*ABOUT THIS TASK:* What you return must match the listing below line for line, minus its pictures.

*DATA BELOW:*
++++++++

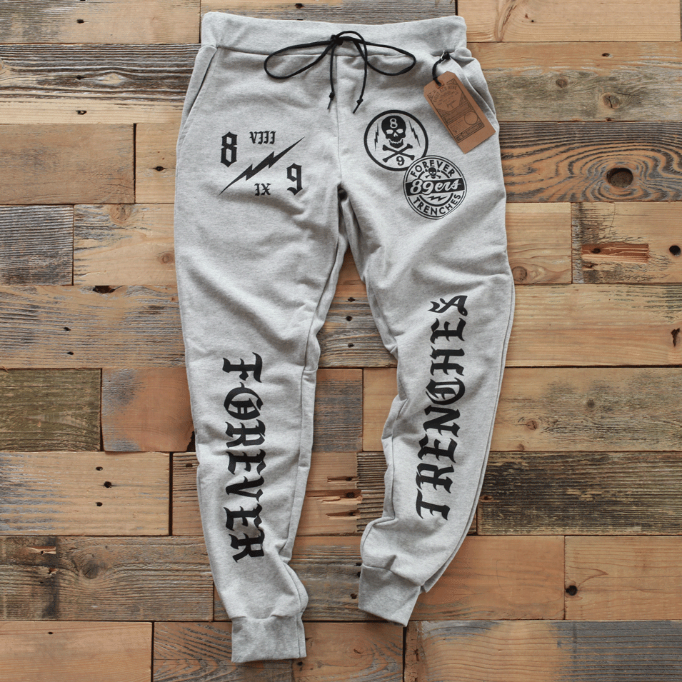 New for Spring '15. Brain Gang 4 Eva Yard Sweats. Classic cement color scheme. Super luxe 100% cotton french terry sweat pants made in the USA. Modern tailored fit. Slight drop crotch, great sweatpant to match the black BG 4 Eva heather long sleeve tee. #8and9life
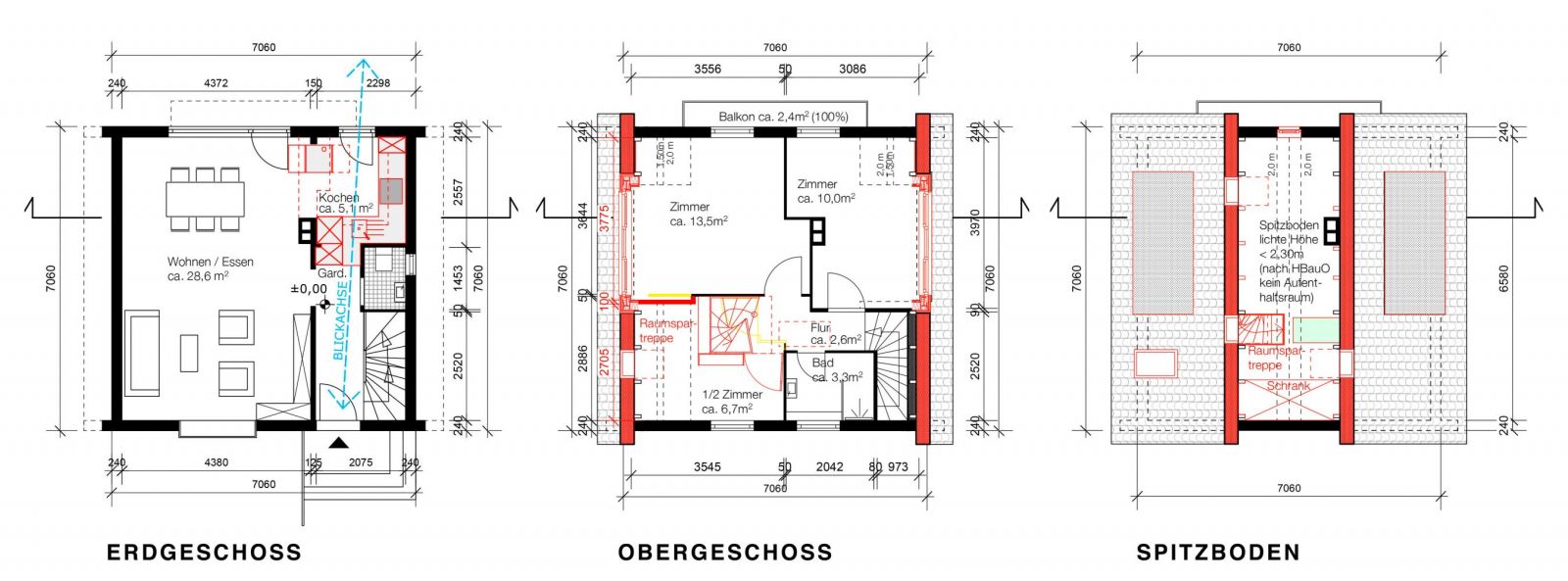 Neben der Aufsparrendämmung des Daches wurde das Haus v.a. durch eine zusätzliche Innendämmung aus Kalziumsilikatplatten vor der einschaligen, 24cm dicken Außenwand energetisch ertüchtigt. Der bauzeitliche, grobe Kellenputz der Fassade wurde von abblätternden Farbresten befreit sowie neu gestrichen und der Bestandsbalkon wurde neu abgedichtet.
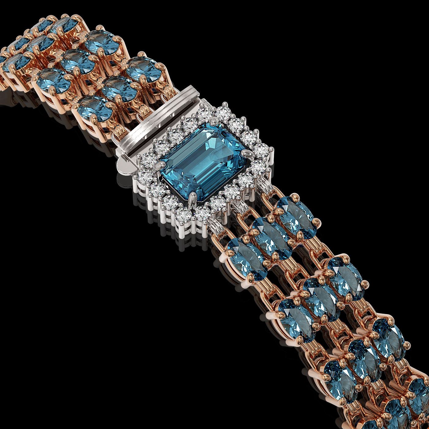 REF-318H2R - SKU: 45972 ---- 26.02 ctw London Topaz & Diamond Bracelet 14K Rose Gold
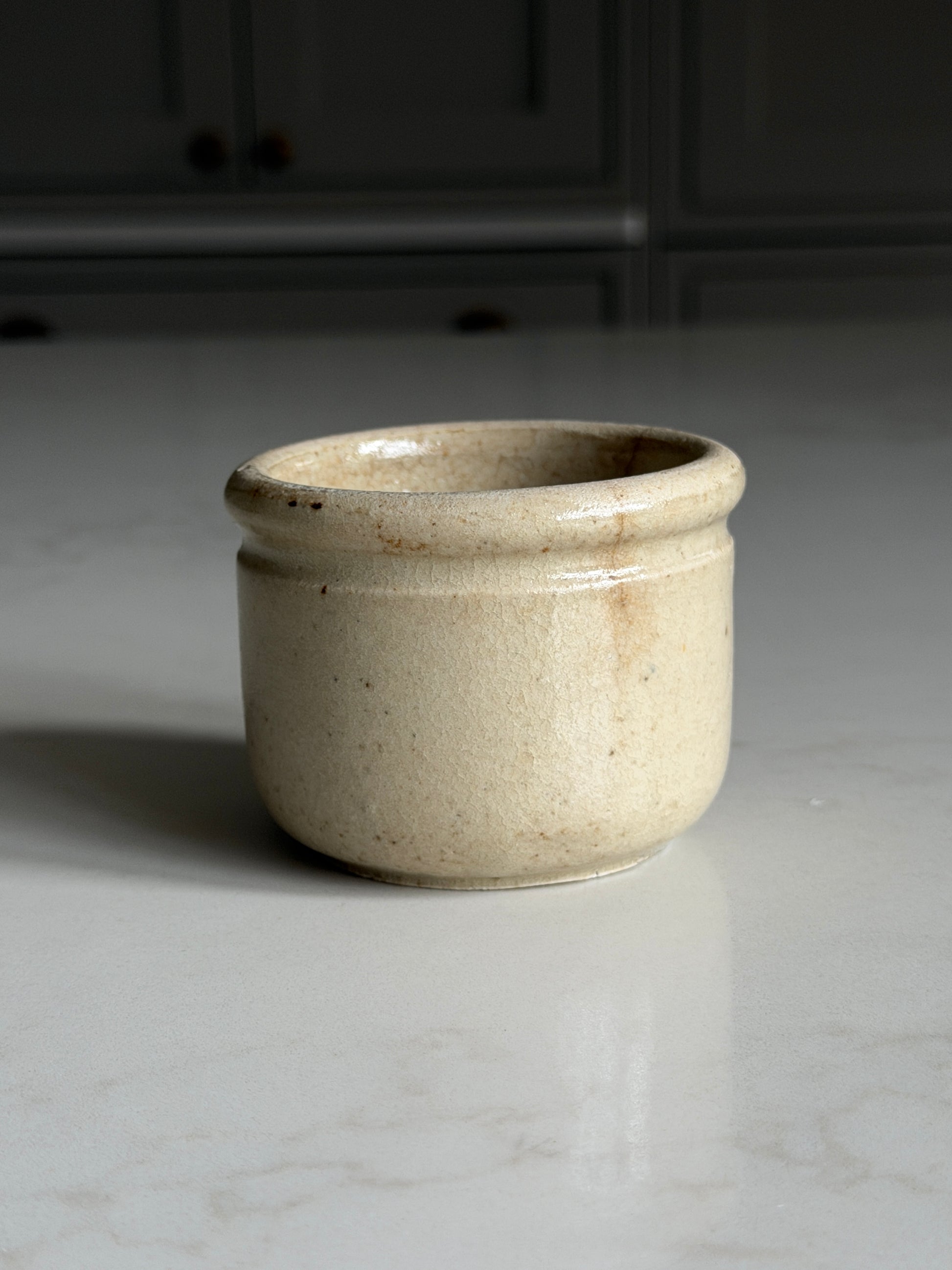 Each pot has slight variation in glaze tone and patina, making them versatile pieces for styling in any interior. Ideal on a shelf, to hold matches, or for serving condiments on a considered tablescape.

++++++++

*WRITTEN RESPONSE:*
 New for Spring '15. Brain Gang 4 Eva Yard Sweats. Classic cement color scheme. Super luxe 100% cotton french terry sweat pants made in the USA. Modern tailored fit. Slight drop crotch, great sweatpant to match the black BG 4 Eva heather long sleeve tee. #8and9life
 Neben der Aufsparrendämmung des Daches wurde das Haus v.a. durch eine zusätzliche Innendämmung aus Kalziumsilikatplatten vor der einschaligen, 24cm dicken Außenwand energetisch ertüchtigt. Der bauzeitliche, grobe Kellenputz der Fassade wurde von abblätternden Farbresten befreit sowie neu gestrichen und der Bestandsbalkon wurde neu abgedichtet.
 REF-318H2R - SKU: 45972 ---- 26.02 ctw London Topaz & Diamond Bracelet 14K Rose Gold
 Each pot has slight variation in glaze tone and patina, making them versatile pieces for styling in any interior. Ideal on a shelf, to hold matches, or for serving condiments on a considered tablescape.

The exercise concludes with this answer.